About this exercise: Give back exactly the lines starting at the one with "Cremefarbene Vliestapete mit" and ending at the last line of the data below. Pictures are not part of the copy.

Extracted records:
———

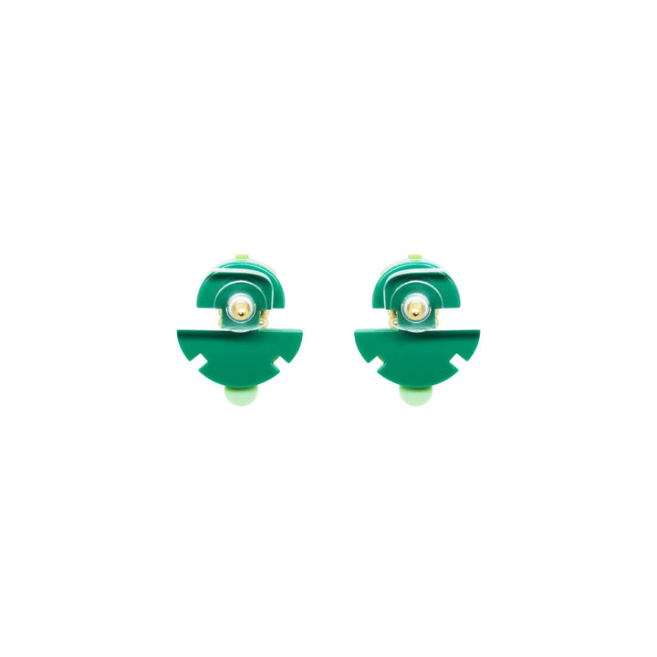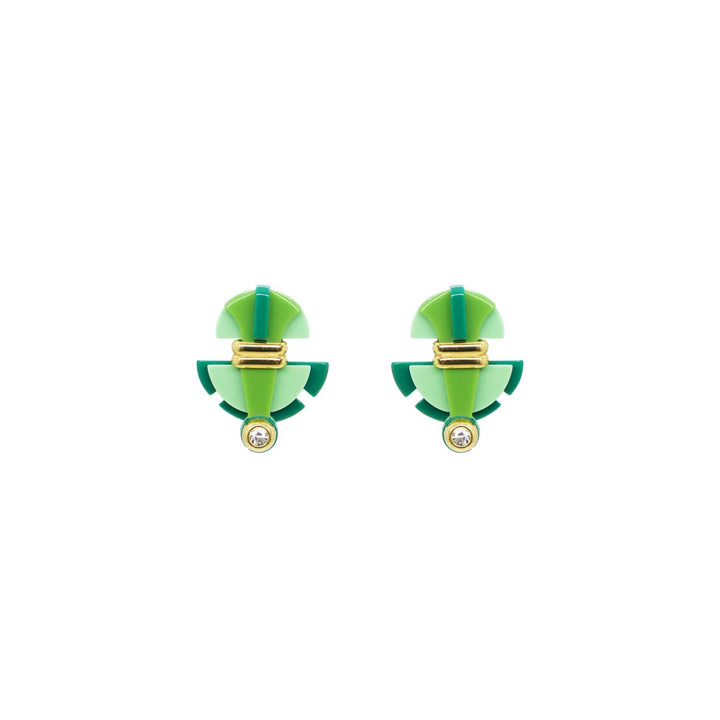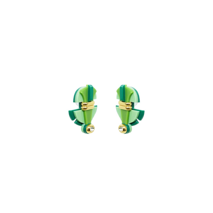 These handmade earrings are made from acrylic. They feature glass rhinestones, a zamak piece, and golden finished brass metal. The pin is made of stainless steel.
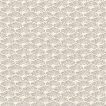Cremefarbene Vliestapete mit einem Motiv aus Muscheln mit silbernen Details.
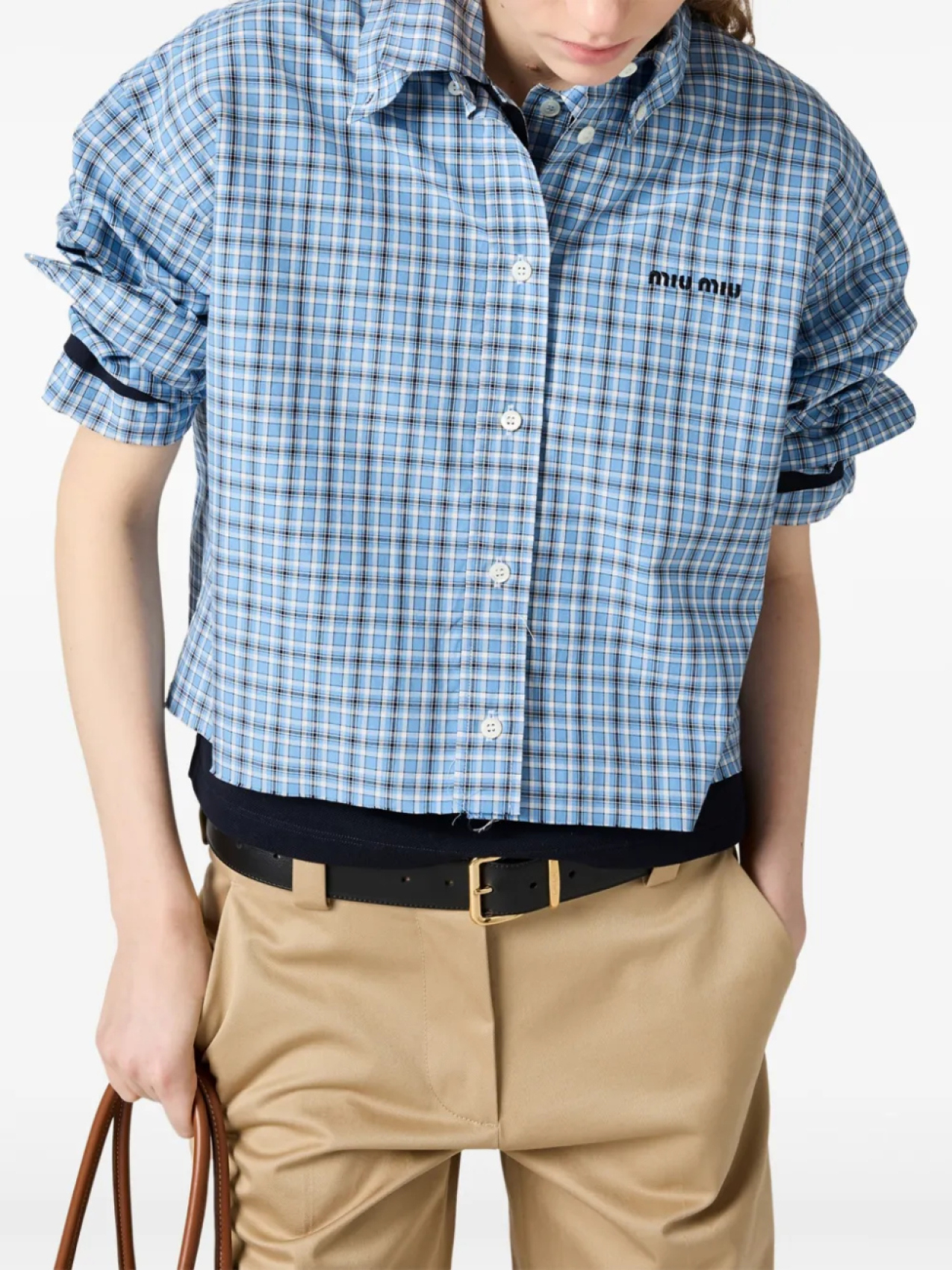 Miu Miu поплиновая рубашка в клетку, синий 116 078₽
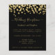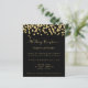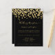 Confetti Glitter Dourado de Orçamento no Convite à Recepção de casamento de Fundo Preto. Um valor para o alternativo menor de 4,5 x 5,6 polegadas é usado como padrão para a opção de semigloscópio, que é recomendada para convites e é de espessura semelhante a um cartão postal. A opção satin é muito mais fina.
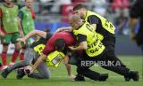 Petugas mengamankan seorang suporter yang masuk ke dalam lapangan saat pertandingan Grup F antara Turki dan Portugal pada turnamen sepak bola Euro 2024 di Dortmund, Jerman, Sabtu (22/6/2024). (FOTO : AP Photo/Themba Hadebe)
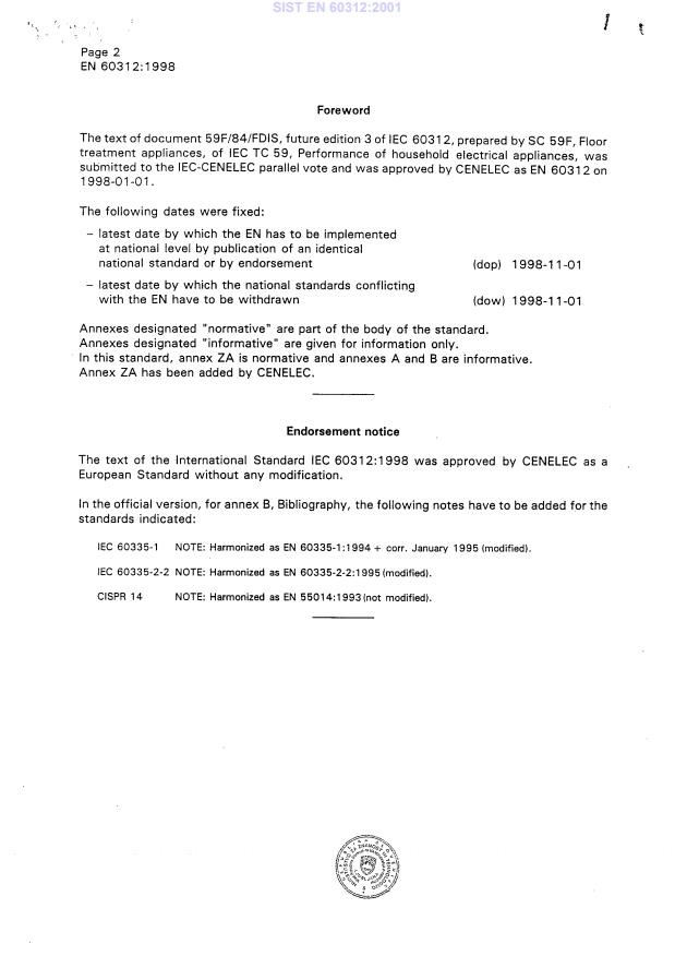 EN 60312:1998/A2:2004 - Vacuum cleaners for household use - Methods of measuring the performance - Effective Date
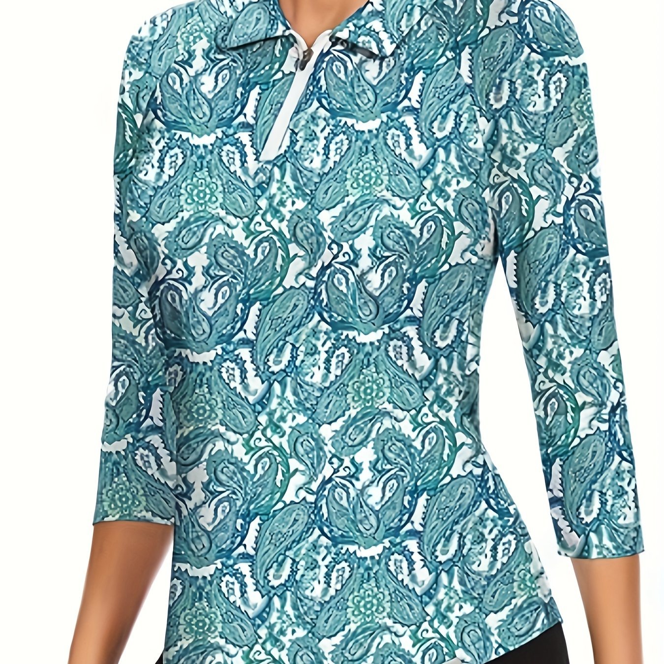 여성용 3 4 슬리브 골프 폴로 셔츠 수분 흡수 롱 크로스보더스토어 가기
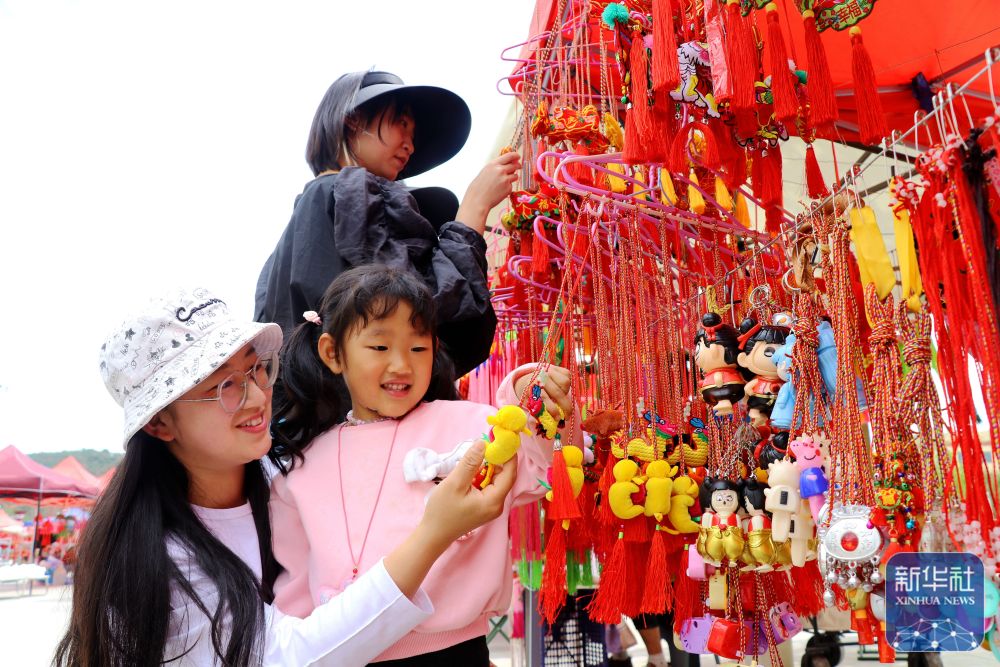 ↑ 5月24日,在甘肃省平凉市静宁县成纪文化城广场,人们在选购香荷包。新华社发(王毅摄)
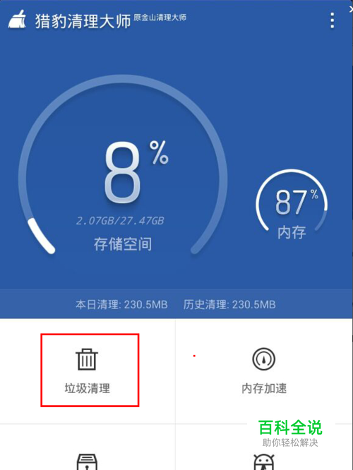 首先要在的手机上下载安装“猎豹清理大师”(可以到官方网站去下载的)
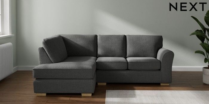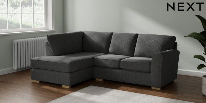 7.2.10 Michigan II Small Corner Chaise - Left Hand Chunky Texture Dark Grey Slim Block - Light | Made Click here to use our website with more accessibility support, for example screen readers

———

Output for this exercise:
Cremefarbene Vliestapete mit einem Motiv aus Muscheln mit silbernen Details.
 Miu Miu поплиновая рубашка в клетку, синий 116 078₽
 Confetti Glitter Dourado de Orçamento no Convite à Recepção de casamento de Fundo Preto. Um valor para o alternativo menor de 4,5 x 5,6 polegadas é usado como padrão para a opção de semigloscópio, que é recomendada para convites e é de espessura semelhante a um cartão postal. A opção satin é muito mais fina.
 Petugas mengamankan seorang suporter yang masuk ke dalam lapangan saat pertandingan Grup F antara Turki dan Portugal pada turnamen sepak bola Euro 2024 di Dortmund, Jerman, Sabtu (22/6/2024). (FOTO : AP Photo/Themba Hadebe)
 EN 60312:1998/A2:2004 - Vacuum cleaners for household use - Methods of measuring the performance - Effective Date
 여성용 3 4 슬리브 골프 폴로 셔츠 수분 흡수 롱 크로스보더스토어 가기
 ↑ 5月24日,在甘肃省平凉市静宁县成纪文化城广场,人们在选购香荷包。新华社发(王毅摄)
 首先要在的手机上下载安装“猎豹清理大师”(可以到官方网站去下载的)
 7.2.10 Michigan II Small Corner Chaise - Left Hand Chunky Texture Dark Grey Slim Block - Light | Made Click here to use our website with more accessibility support, for example screen readers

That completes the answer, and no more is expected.